According to ImmunityBio, the majority of participants in the study to date remain on therapy and 90% (43/48) of the evaluable patients have exceeded the approximately two-month historical survival rate. Of the 48 evaluable patients, 23 (48%) had extremely advanced disease upon enrollment (i.e. had progressed after three to six prior lines of therapy) and, of these patients, 20 out of 23 (87%) have exceeded historical survival rates. On the strength of this early data and significant unmet medical need, ImmunityBio has submitted an amendment to increase enrollment in Cohort C.

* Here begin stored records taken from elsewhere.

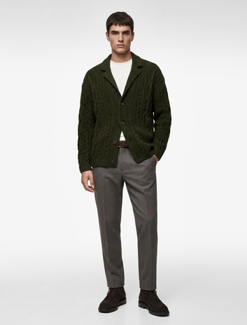 Bisiklet Yaka Düğmeli Saç Örgü Dokulu Triko Hırka
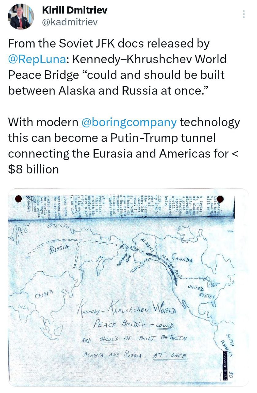 For example, Russian sovereign wealth fund head Kirill Dmitriev is proposing a tunnel linking Russia with Alaska: Imagine connecting the US and Russia, the Americas and the Afro-Eurasia with the Putin-Trump Tunnel – a 70-mile link symbolizing unity. Traditional costs are $65B+, but @boringcompany ‘s tech could reduce it to <$8B. Let’s build a future together! “Isn’t it better to link Africa–Eurasia with the Americas, Russia, and the US via an Alaska–Russia tunnel than to increase the risks of WW3?” Dmitrie continued.
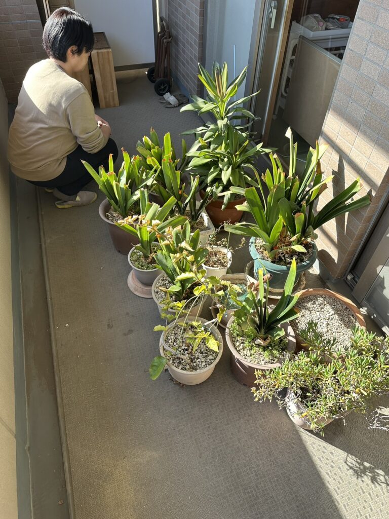 ベランダ内にたくさんの植木鉢や
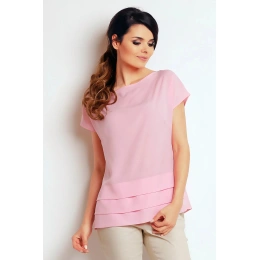 Ładna, prosta sukienka w jasnoróżowym kolorze ze stójką. Ozdobiona jest falbaną, która biegnie przez
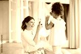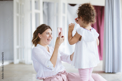 Cheerful mother joyfully taking photos on cellphone of pretty little daughter wearing adult sunglasses while spending time together at home
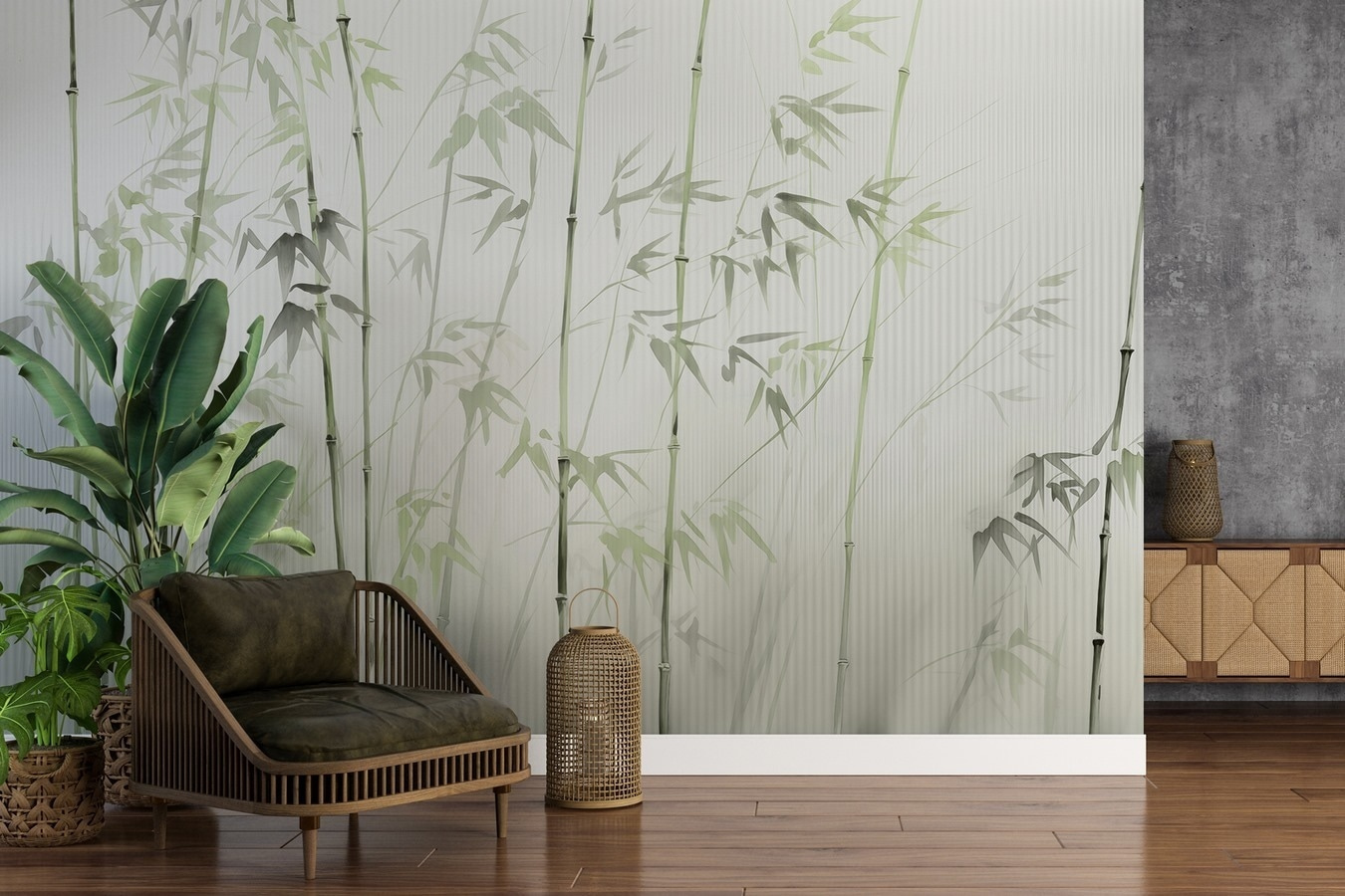 Premeňte svoj priestor na pokojnú oázu s touto krásnou nástennou maľbou bambusových stoniek tancujúcich s jemnými listami. Predstavte si, že vstúpite do miestnosti, ktorá pripomína pokojnú japonskú záhradu, kde sa stres akoby rozplynul. Jemná zeleň a jemné tvary vytvárajú pokojnú atmosféru, takže je ideálna pre útulný čitateľský kútik alebo upokojujúce útočisko v spálni. Je to ako preniesť kúsok prírody do interiéru – bez špiny! Každý pohľad zapaľuje upokojujúci pocit a pripomína vám, aby ste spomalili a ocenili krásu okolo. Verte nám, je ťažké neusmievať sa, keď ste obklopení touto krásnou zeleňou!

Patrick Soon-Shiong, M.D., Founder and Global Chief Scientific and Medical Officer of ImmunityBio, commented:

"Patients with advanced metastatic pancreatic cancer who have failed all standards of care have very grave prognoses with few treatment options. This study was to explore if the Nant Cancer Vaccine could address this unmet need. It is gratifying to note that patients in this study, who had progressed after up to six lines of prior therapy, have exceeded historical survival rates despite having very advanced pancreatic cancer upon enrollment. Achieving robust enrollment in this patient group and early promising efficacy evidence are important milestones in ImmunityBio’s effort to develop this therapeutic with the potential to improve survival rates and provide a replacement for toxic chemotherapy. As the historical survival rate for third- to sixth-line pancreatic cancer patients is approximately two months, we are encouraged by this early data and have decided to open this cohort to more patients with advanced metastatic disease who have no further treatment options."

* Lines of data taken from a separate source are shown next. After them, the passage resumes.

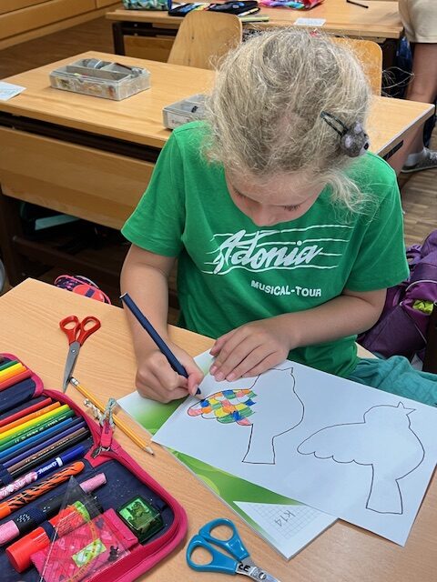 Schon bald werden ganz viele „Gedankenvögel“ unseren Schuleingang schmücken. Wir freuen uns sehr darauf, mit all diesen Vögeln in das neue Schuljahr zu starten.
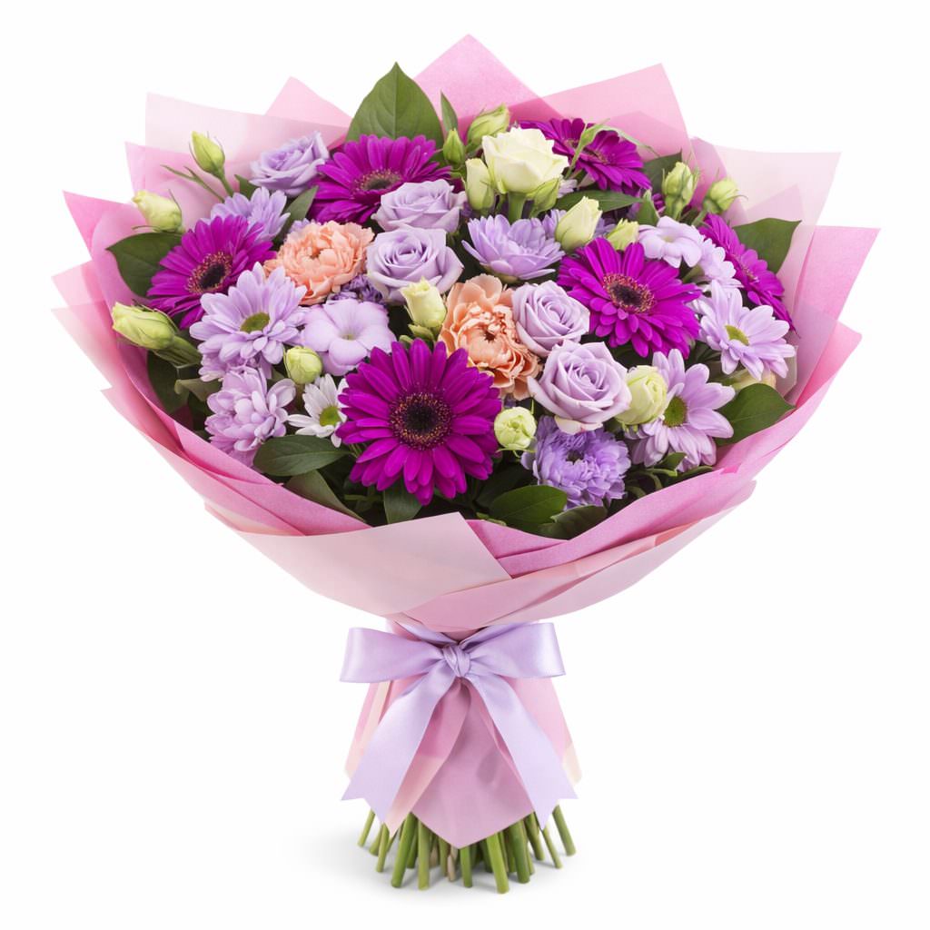 Яркие оттенки сиреневого и розового создают атмосферу нежности и радости. В букете собраны светло-сиреневая кустовая хризантема, сиреневая гербера, светло-фиолетовая эустома, розовая гвоздика и пушистый хлопок. Упакован в матовую пленку и украшен атласной лентой. Этот букет станет прекрасным подарком для мамы на день рождения и украсит любой праздник.
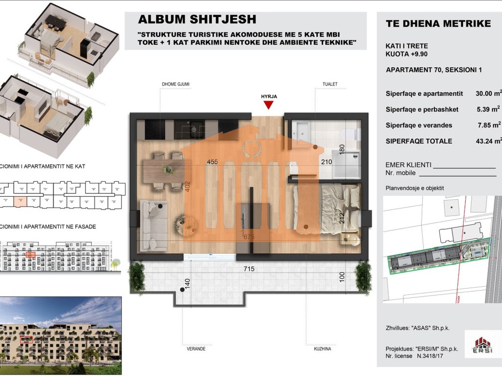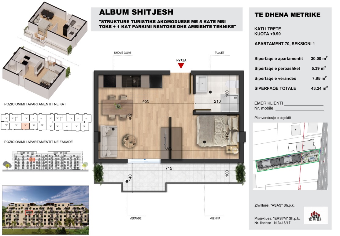 Apartamenti ndodhet ne katin e trete te banimit te nje godine 5-kateshe ne ndertim e siper ne Golem, afer Meteor. Disponon 43.24m2 totale, nga keto 5.39m2 siperfaqe e perbashket, 7.85m2 siperfaqe e ballkonit dhe 30m2 jane te brendshme. Organizohet ne nje open space,1 tualet dhe 1 ballkon. Objekti pritet te perfundoje per 18 muaj. Ka mundesi pagese me keste 30%, 30%,30%,10% cdo gjashte muaj.Cmimi per m2 eshte 1050 euro per pagese me keste, ndersa per pagesat totale do te jete 1000 euro.Gjithashtu kemi opsione te tjera te ngjashme te cilat variojne nga 30.40m2 totale - 43.69m2 totale. Me nje lokacion teper te favorshem dhe me planimetri qe nuk ka shume metra ju jep mundesine te gjitheve per te blere apartament per jetese ose pushime.

Steven A. Kriegsman, Chairman and Chief Executive Officer of CytRx, commented:

"With each of our licensing agreements, CytRx’s primary goal is to put greater energy and resources behind innovative clinical programs working to combat cancer and rare diseases. We are highly encouraged by ImmunityBio’s milestone achievement of robust enrollment in its QUILT-88 study and early evidence of promising efficacy of the Nant Cancer Vaccine, which includes our licensed aldoxorubicin drug, to treat severe cases of pancreatic cancer. We look forward to continuing to monitor the trial’s progress when mature data is released in Q1 2022, ahead of ImmunityBio’s plans to meet with the U.S. Food and Drug Administration in 2022 to discuss the path for the approval of combination therapies for pancreatic cancer."

QUILT-88 Study Details

This Phase 2, randomized, three-cohort, open-label study will evaluate the comparative efficacy and overall safety of standard-of-care chemotherapy versus standard-of-care chemotherapy, in combination with PD-L1 t-haNK, Anktiva (N-803), and aldoxorubicin in subjects with locally advanced or metastatic pancreatic cancer (NCT04390399). Each treatment setting, as well as each first- and second-line or later maintenance treatment, will be evaluated independently as Cohorts A, B, and C, respectively, with Cohorts A and B having independent experimental and control arms. The study will initially enroll 298 subjects across all three cohorts. The primary objective of Cohorts A and B is progression-free survival (PFS) per RECIST V1.1, and the objective of Cohort C is overall survival (OS). Secondary objectives include initial safety and additional efficacy measures, including overall response rate (ORR), complete response (CR) rate, durability of response (DoR), disease control rate (DCR), and overall survival (OS).

Currently, three trial sites have been activated: Hoag Memorial Hospital Presbyterian in Orange County, Calif., The Chan Soon-Shiong Institute for Medicine in Los Angeles County, Calif., and Avera McKennan Hospital and University Health Center in Sioux Falls, South Dakota, which serves patients in the tri-state area (Iowa, Nebraska and South Dakota).